On ne manquera pas de dire : « cette satire des mœurs de nos grand’mamans fait sourire aujourd’hui. Cela a un air démodé et désuet comme les crinolines de la scène devant une salle d’entravées. Ces Benoiton et ces Formichel, c’était la société de l’âge d’or, comparée à la nôtre. Quelle n’était pas l’innocence de ce temps-là ! Sardou n’avait pas prévu le Paris du XXe siècle, etc., etc. » On ne manquera pas de le dire, parce que c’est le développement usité et de « style, » en pareil cas. Mais je le crois inexact. Entre les mœurs de 1865 et les nôtres, la différence est de degré, non de nature : celles-ci étaient en germe dans celles-là. Entre l’une et l’autre société le rapport est de parenté et de filiation. Le mouvement qui, depuis, s’est accéléré et précipité, était dès lors commencé. Et c’est le mérite de l’observateur d’en avoir discerné les signes et indiqué le sens. C’étaient des promesses : l’avenir les a tenues.
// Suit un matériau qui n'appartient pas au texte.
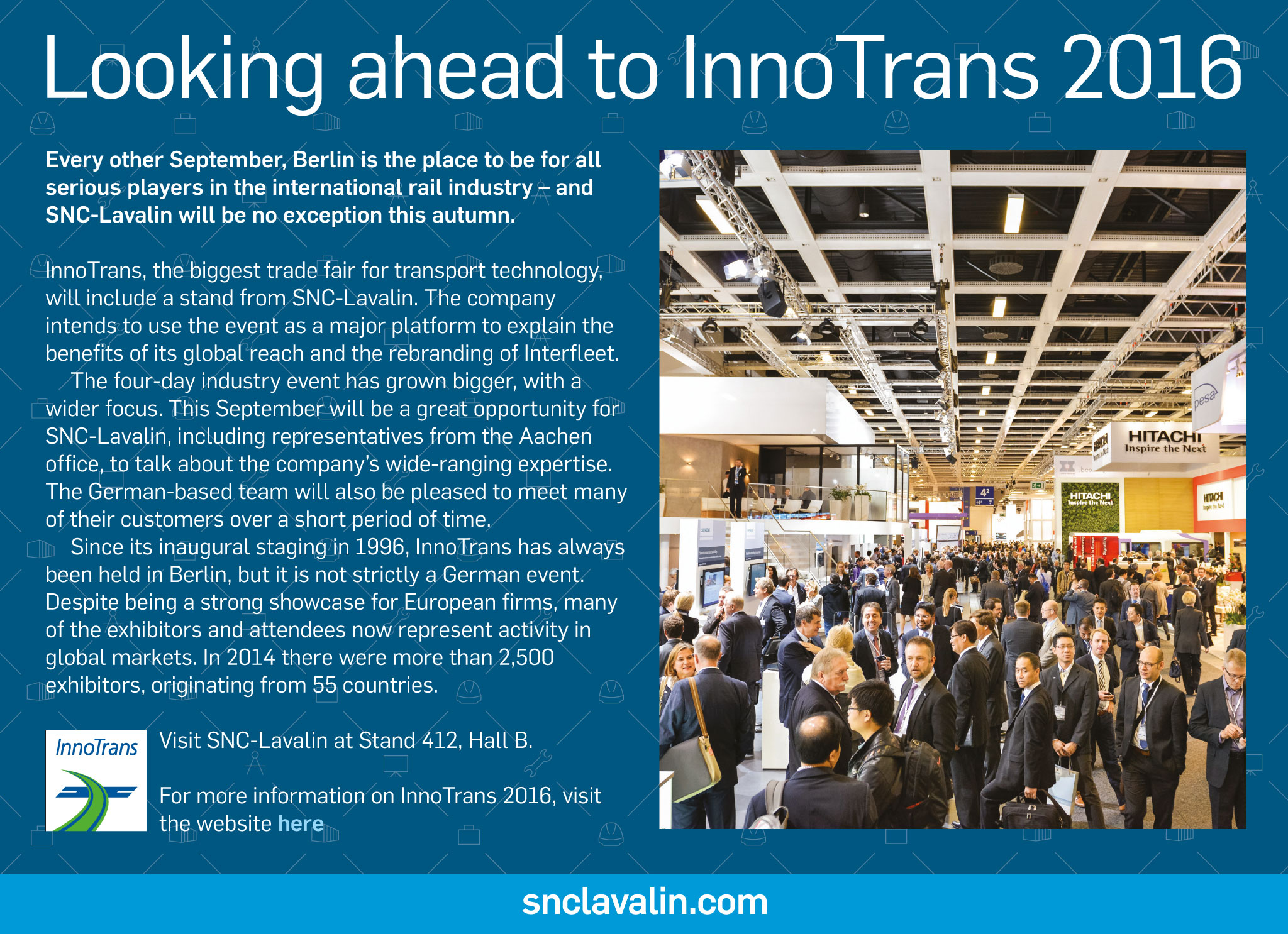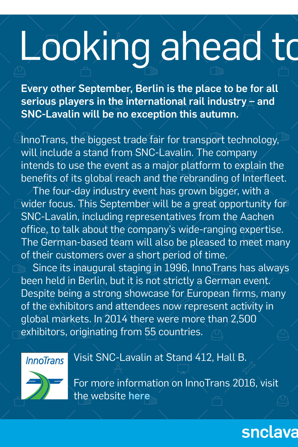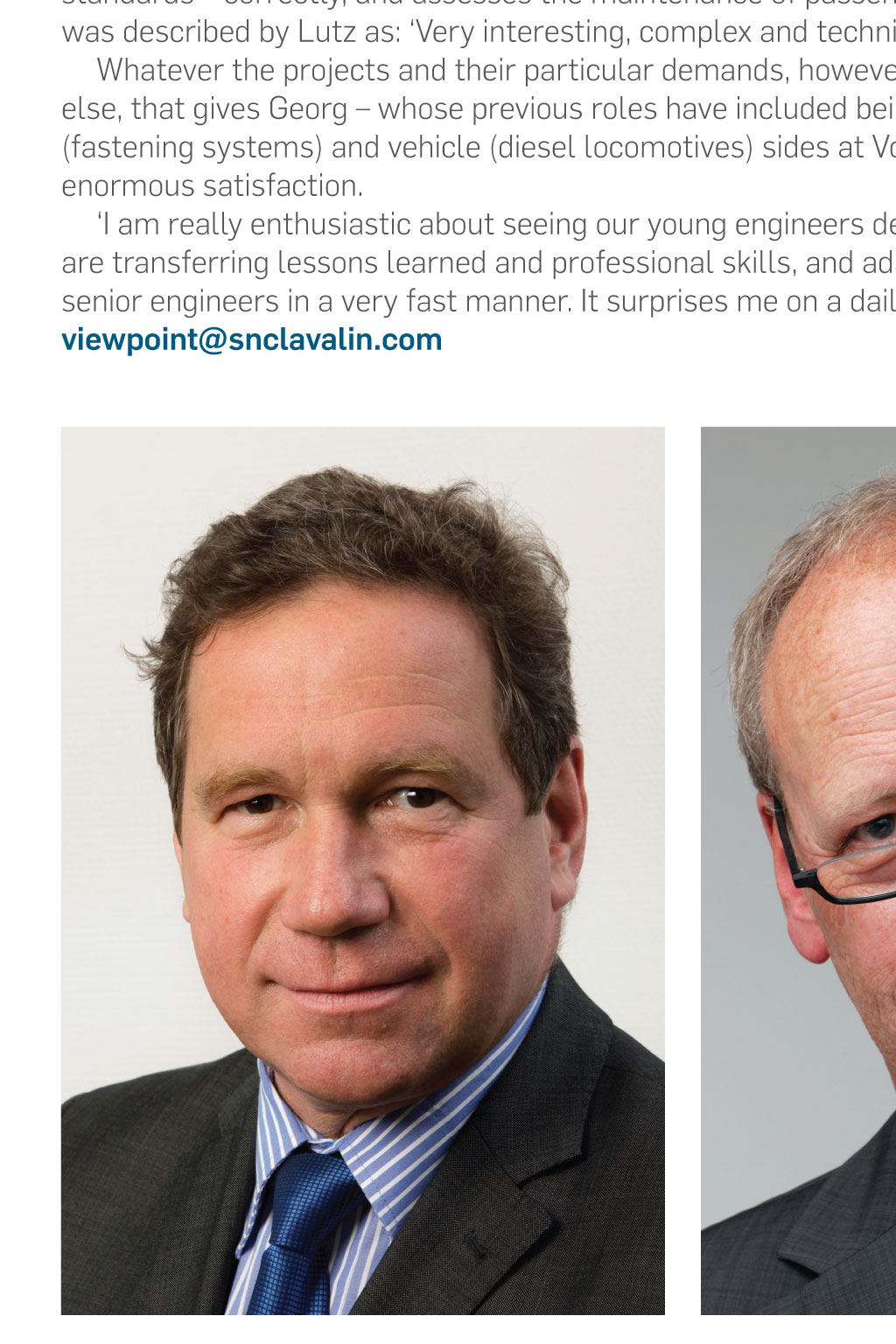 Centre of attention SNC-Lavalin’s Rail & Transit central European team is based in Germany, but it covers a much wider geographical area with its strong railway engineering skills. Viewpoint finds out why all the team members share a strong passion for working in rail Words ANdREw BENNETT One glance at a map of Europe clearly shows that the town of Aachen, Germany, is at a crossroads – right on the border with Belgium and the Netherlands. Paris is less than three hours away by train too. It’s no coincidence that SNC-Lavalin set up its central Europe office in this Rhineland location less than two years ago, as it is right on the doorstep of three other European countries, with good access via the wider rail network – all the better to serve clients. Other reasons for this strategic choice include the ability to recruit graduates from Aachen’s two universities, which teach rail engineering, and being located within the European rail-freight corridor, nicknamed the ‘Blue Banana’ because of the way it is displayed on EU rail maps. Regional director Georg Hauschild, who has 22 years‘ experience in the rail industry and joined the team in 2014, explains: ‘From Aachen, Amsterdam is two hours away, Brussels is just over an hour, Frankfurt is less than two, Paris less than three by train – and even our colleagues in the UK, can reach Aachen from London by rail in four hours.’ Speaking in mother tongues Clients find other benefits in dealing with the central Europe office, which covers a wide portfolio of work. ‘All of us speak fluent English at the very least,’ says Georg. ‘Some of us speak French too. Last year, we had two French customers with asset management and asset evaluation projects, so the proximity to Paris was a benefit; we can be there by 10am without flying. ‘Customers appreciate being able to speak in their mother language too.’ The 25-strong team – ranging from seasoned engineers with many years’ experience to bright young graduates plucked from the town’s rail engineering faculties – share another bond. ‘All of our engineers, whether experienced or new hires, have studied rail or come from the railway business,’ says Georg. ‘If we get somebody on board, even from the university, we don’t need to explain what a dMU [diesel multiple unit] or EMU [electric multiple unit] is, or what a six-axle versus a four-axle unit is, and so on.’ Principal Consultant Lutz Goeke, who manages the office’s sales, marketing and account management, and is also a trained engineer, adds: ‘It is really practical expertise. we are not glued to theory. we are talking about having hands-on, rail-industry experience.’ Such expertise has resulted in the team working on a multitude of challenging and varied projects. These include conducting regional commuter passenger traffic surveys for Public Transport Authorities (PTAs) across Germany, which have accounted for around half of the team’s workload recently. Across the various German federal states – known as Bundesländer – income from passenger fares does not cover the full costs of regional rail services, so the PTAs look for up-to-date figures on income flows to make decisions about where taxpayers’ money should be allocated. Adding to the pressures Last year, Baden-württemberg required a regional passenger traffic survey for the Stuttgart region, with an immediate start date. despite the additional pressures this put on team members, SNC-Lavalin was able to deliver the project for this substantial network successfully. Alexander Kirfel, Team Leader, Transport Advisory, says: ‘Passenger rail tariffs in Germany are still somewhat complicated, but our expert knowledge ensured an instantaneous solution to gather the requested information at a top level of quality.’ The Aachen-based team also advises German PTAs and ministries on technical matters, such as reviewing the specifications for new passenger rolling stock they intend to buy. It performs a similar service for rolling stock asset managers, such as banks. The engineers also prove their worth on homologation projects and, in recent months, have helped introduce two vehicles that originated in the United States to German railways. Lutz, who worked in senior commercial roles for Alpha Trains Locomotives and Bombardier Transportation before joining SNC-Lavalin in 2014, says: ‘we look at all the documents – the implementations – and confirm the technical standards that are required and that the documentation reflects the actual design, and can be accepted by the homologation authority. This includes the co-ordination of assessors, as well as very practical things such as test rides.’ Germany has a substantial number of tram operators and, over the years, SNC-Lavalin’s expertise has contributed substantially to the design of highly specialised track building, and to the maintenance of way vehicles. Other client work has included consultancy for the Belgian and Swiss passenger rail operators, for a Poland-based rolling stock manufacturer, and – last but not least – for German railway company, deutsche Bahn. SNC-Lavalin also provides a workshop-auditing service to check if rail companies are following technical, state-of-the art processes – including compliance to ISO quality standards – correctly, and assesses the maintenance of passenger coaches. One such project was described by Lutz as: ‘Very interesting, complex and technical.’ whatever the projects and their particular demands, however, there is one thing, above all else, that gives Georg – whose previous roles have included being on the infrastructure (fastening systems) and vehicle (diesel locomotives) sides at Vossloh and Alpha Trains – enormous satisfaction. ‘I am really enthusiastic about seeing our young engineers develop,’ he says. ‘These people are transferring lessons learned and professional skills, and adapting methods from our senior engineer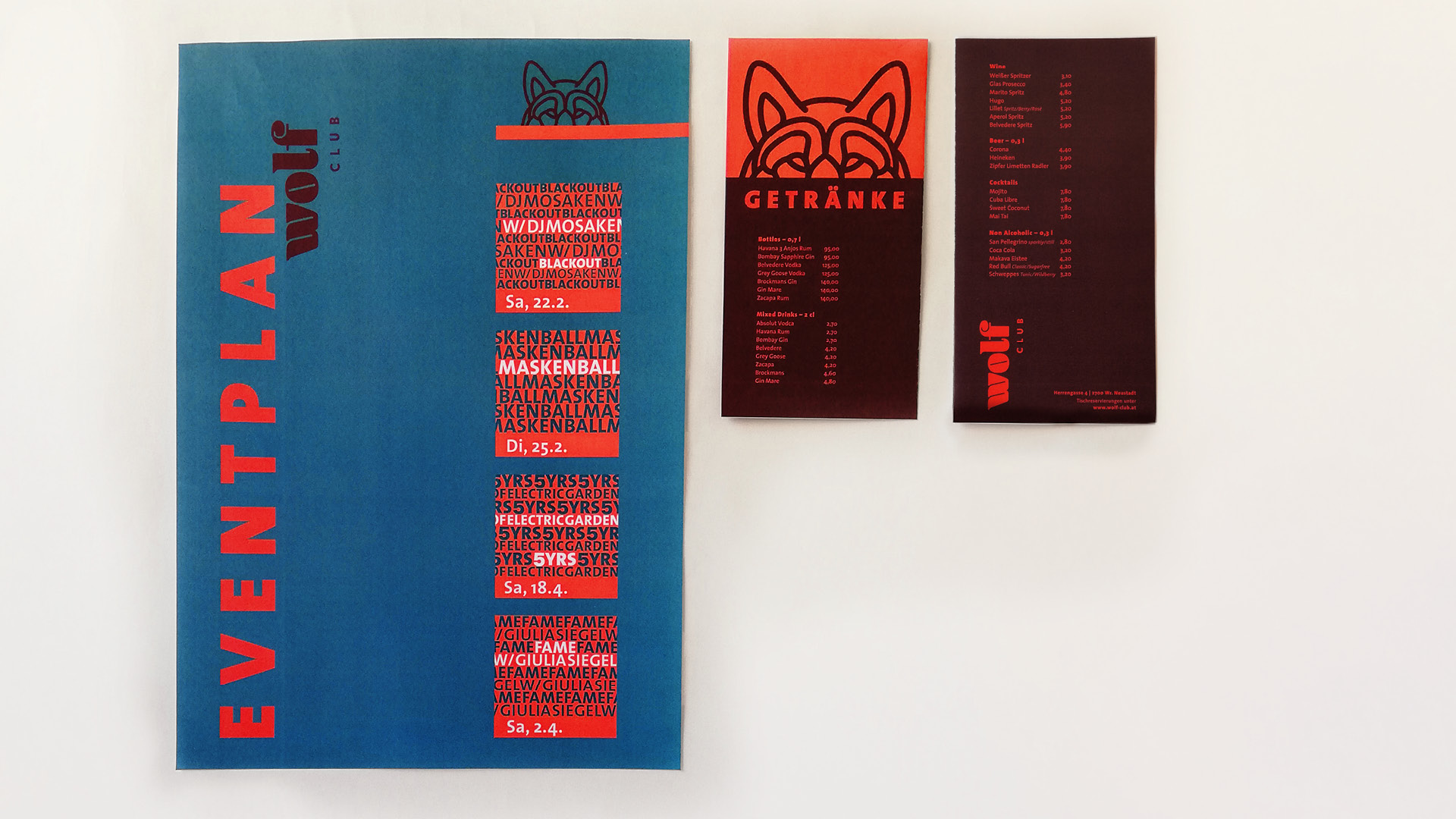 Für den Nachtclub ›Wolf Club‹ ist ein Logo, Plakat, Icon und eine Getränkekarte entstanden.

En notre année 1911 j’entends dire qu’un des problèmes les plus inquiétans, et d’autant plus inquiétant qu’on n’y aperçoit aucune solution, est celui de la « vie chère. » Non que les prix des diverses denrées, objets de consommation, pièces d’habillement, moyens de transport, aient augmenté. Le prix en aurait plutôt diminué. Ce qui s’est développé dans des proportions considérables, c’est le besoin de bien-être, c’est le goût du luxe ou de sa parodie. Écoutez Clotilde dire à Champrosé, en 1865 : « Il n’y a plus d’hommes assez riches pour prendre femme. — Parce que ? — Parce que l’aisance d’autrefois est la gêne d’aujourd’hui. Exemple : un employé de trois mille francs s’estimait jadis très heureux d’épouser trente mille francs de dol ; mais au prix croissant de toutes choses, et devant ce désir furieux de bien-être qui a gagné toutes les classes, qu’une fille lui apporte soixante mille francs de dot, il vous dira sagement que six mille francs de revenu sont la pauvreté, et, viennent les enfans, c’est la misère. » Clotilde n’aurait rien à changer aujourd’hui à ces déclarations pessimistes, sauf que les placemens de père de famille ne sont plus guère au taux de cinq pour cent.